Analysis of hyperspectral images for detection of drought stress and recovery in maize plants in a high-throughput phenotyping platform
Highlights
The use of the standard normal variate (SNV) to eliminate linear effects.
The use of a clustering approach to remove pixels that exhibit nonlinear effects.
The development of a data-driven spectral analysis method to charecterize plant growth dynamics.

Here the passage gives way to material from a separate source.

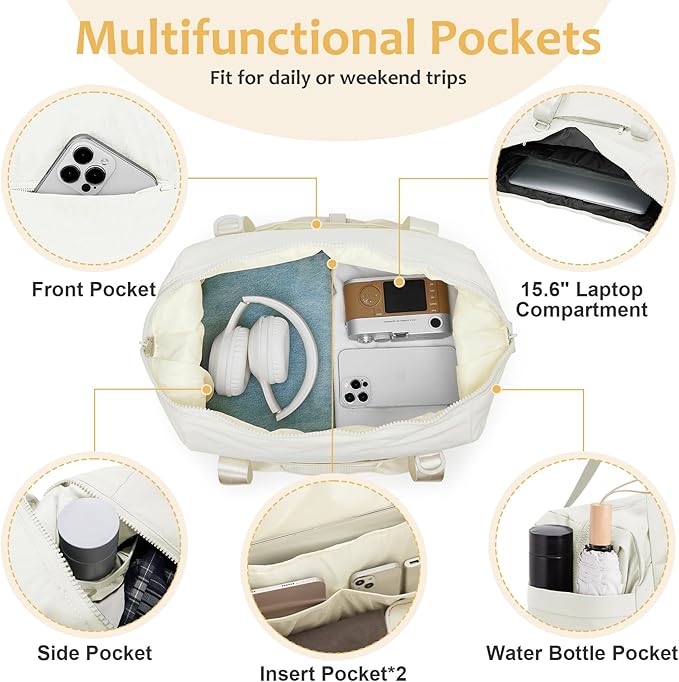 - Large Capacity & Multi-Pocket: This travel bag has multiple pockets, the main pocket has a wet/dry pocket, a separate pocket for a 15.6" laptop compartment, 2 interior insert pockets and a built-in mug pocket. The exterior has 2 side pockets and 1 front zippered pocket. Spacious design holds clothes, toiletries, water bottle, umbrella, laptop, mobile power, magazines, wallet and other travel or fitness essentials. Make your workout, business trip or travel more organized and convenient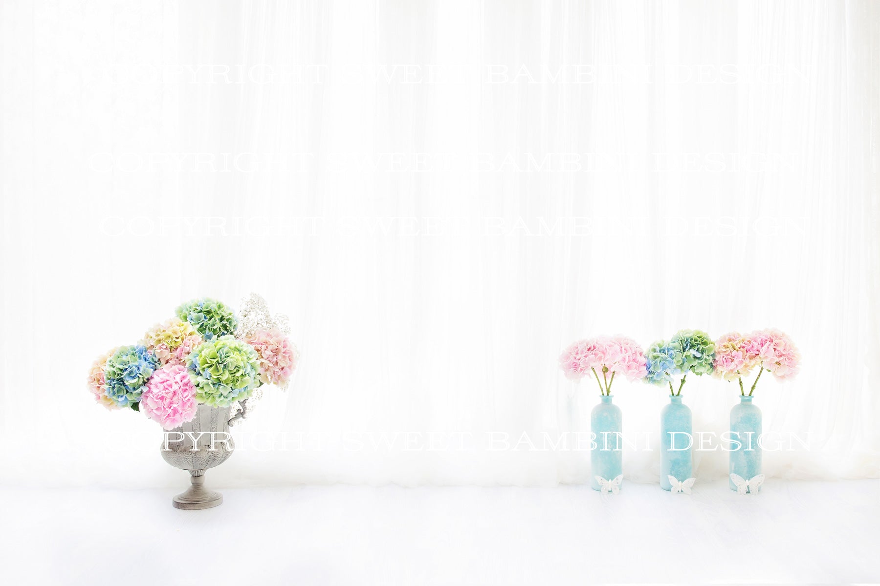 Maternity Digital Backdrop - Beautiful multicoloured hydrangeas in vases against a backlit window

The validation the proposed method by a large-scale study of water-stress and recovery of maize plants.
Abstract
The study of physiological processes resulting from water-limited conditions in crops is essential for the selection of drought-tolerant genotypes and the functional analysis of related genes. A promising, non-invasive technique for plant trait analysis is close-range hyperspectral imaging (HSI), which has great potential for the early detection of plant responses to water deficit stress. In this work, a data analysis method is described that, unlike vegetation indices, the present method applies spectral similarity on selected bands with high discriminative information, while requiring a careful treatment of uninformative illumination effects. The latter issue is solved by a standard normal variate (SNV) normalization that removes linear effects and a supervised clustering approach to remove pixels that exhibit nonlinear multiple scattering effects. On the remaining pixels, the stress-related dynamics is quantified by a spectral analysis procedure that involves a supervised band selection procedure and a spectral similarity measure against well-watered control plants. The proposed method was validated by a large-scale study of water-stress and recovery of maize plants in a high-throughput plant phenotyping platform. The results showed that the analysis method allows for an early detection of drought stress responses and of recovery effects shortly after re-watering.